A new meta-analysis of research finds that a history of previous cardiac events puts children with hypertrophic cardiomyopathy at risk for cardiac death.

Children with hypertrophic cardiomyopathy (HCM) who have a history of previous cardiac events and of syncope — loss of consciousness caused by low blood pressure — are at a higher risk of sudden death, according to a new meta-analysis published online in Heart & Lung.

Investigators also found that ventricular tachycardia (VT) and left ventricular hypertrophy (LVH) were also risk factors for cardiac death, and ventricular outflow tract (LVOT) obstruction was a potential risk factor for sudden cardiac death in children with HCM.

Current treatment strategies are usually based on reported risk factors for sudden cardiac death in adults, and as a result, no consensus on the management of pediatric patients exists, the investigators wrote.

For this research, investigators conducted a systematic review and meta-analysis of previously conducted studies to evaluate factors associated with sudden cardiac or cardiac death in children with hypertrophic cardiomyopathy.

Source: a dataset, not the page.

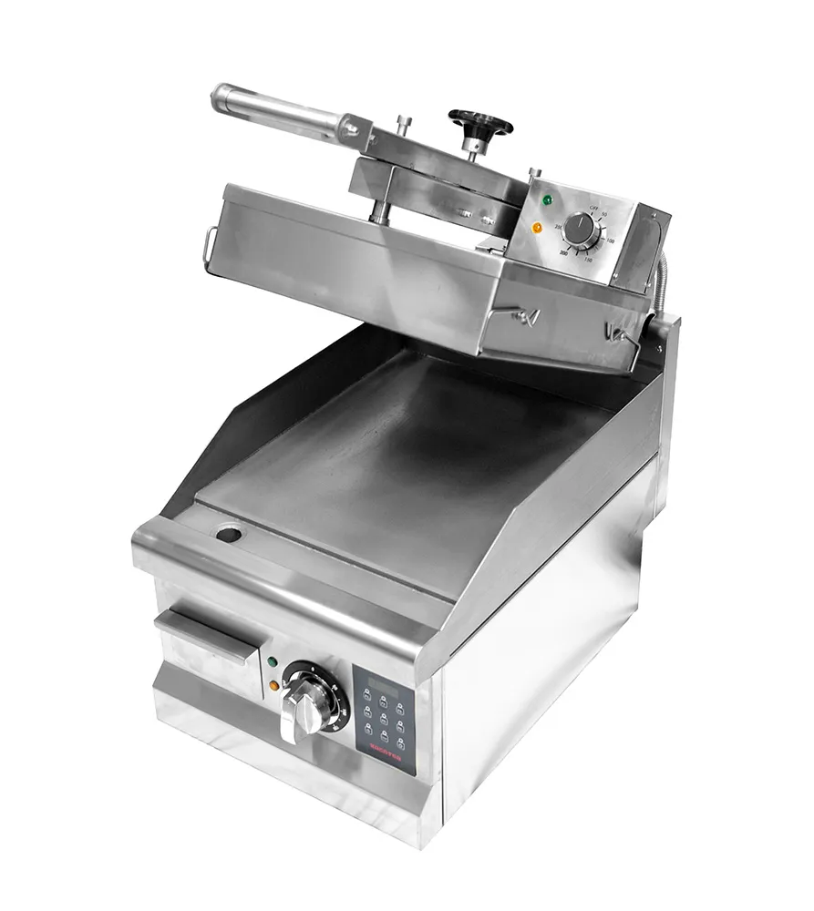 Двусторонний нагрев существенно сокращает цикл готовки, что особенно важно для заведений с высоким потоком заказов. Точная регулировка температуры и давления между пластинами обеспечивает аккуратную прожарку и сохранение структуры продукта, исключая риск его пересушивания. Возможность сохранения программ упрощает работу персонала, минимизируя ошибки при приготовлении и поддерживая стабильное качество готовой продукции.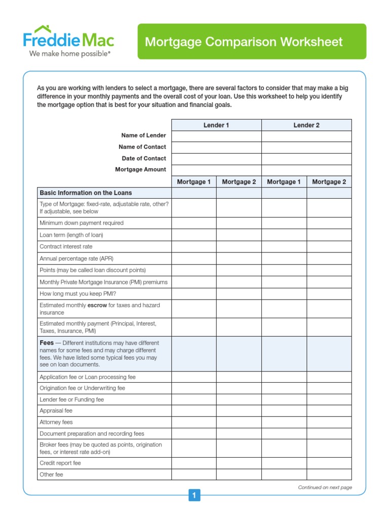 Mortgage loan comparison worksheet

Investigators found 30 studies that met the inclusion criteria for this analysis, which was observational studies with patients who are 18 years of age or younger and diagnosed with HCM. Of these, the endpoint of sudden cardiac death was observed in 22 studies, and the endpoint of cardiac death occurred in 18 studies. Twenty-five cohort studies, four case-control studies, and one cross-sectional study were included in this study, with six articles as low-quality articles and 24 articles as high-quality.

The studies enrolled a total of 9,673 patients.

Investigators found that that their results confirm a retrospective study that children with a personal history of syncope was a risk factor for sudden cardiac death. That also found that children with LVH were at higher risk of sudden cardiac death than patients without.

They acknowledge a limitation of their research is that most of the studies included in this analysis were retrospective, observational and done at single institutions. They indicated more robust prospective research was need to explore the factors related to cardiac death in children with HCM.

Hypertrophic cardiomyopathy is a chronic disease in which excessive contraction of the heart muscle can lead to the development of debilitating symptoms and cardiac dysfunction.

In patients with hypertrophic cardiomyopathy, the heart muscle becomes abnormally thick, making it harder for the heart to pump blood. The thickened heart muscle can cause shortness of breath, chest pain, or problems in the heart’s electrical system, resulting in life-threatening arrhythmias or sudden death, according to the Mayo Clinic.

In obstructive disease, the thickened heart wall can block or reduce the flow of blood from the left ventricle to the aorta.

It’s estimated that 1 in every 500 people have hypertrophic cardiomyopathy, but a large percentage of patients are undiagnosed, says the American Heart Association. Of those diagnosed, two-thirds have the obstructive form of the disease.

Commonly prescribed medications include beta blockers, anti-arrhythmic medications, calcium channel blockers, and anticoagulants, all therapies used to treat other cardiac conditions and to manage the consequences of HCM. Currently, no medication is available to specifically treat hypertrophic cardiomyopathy.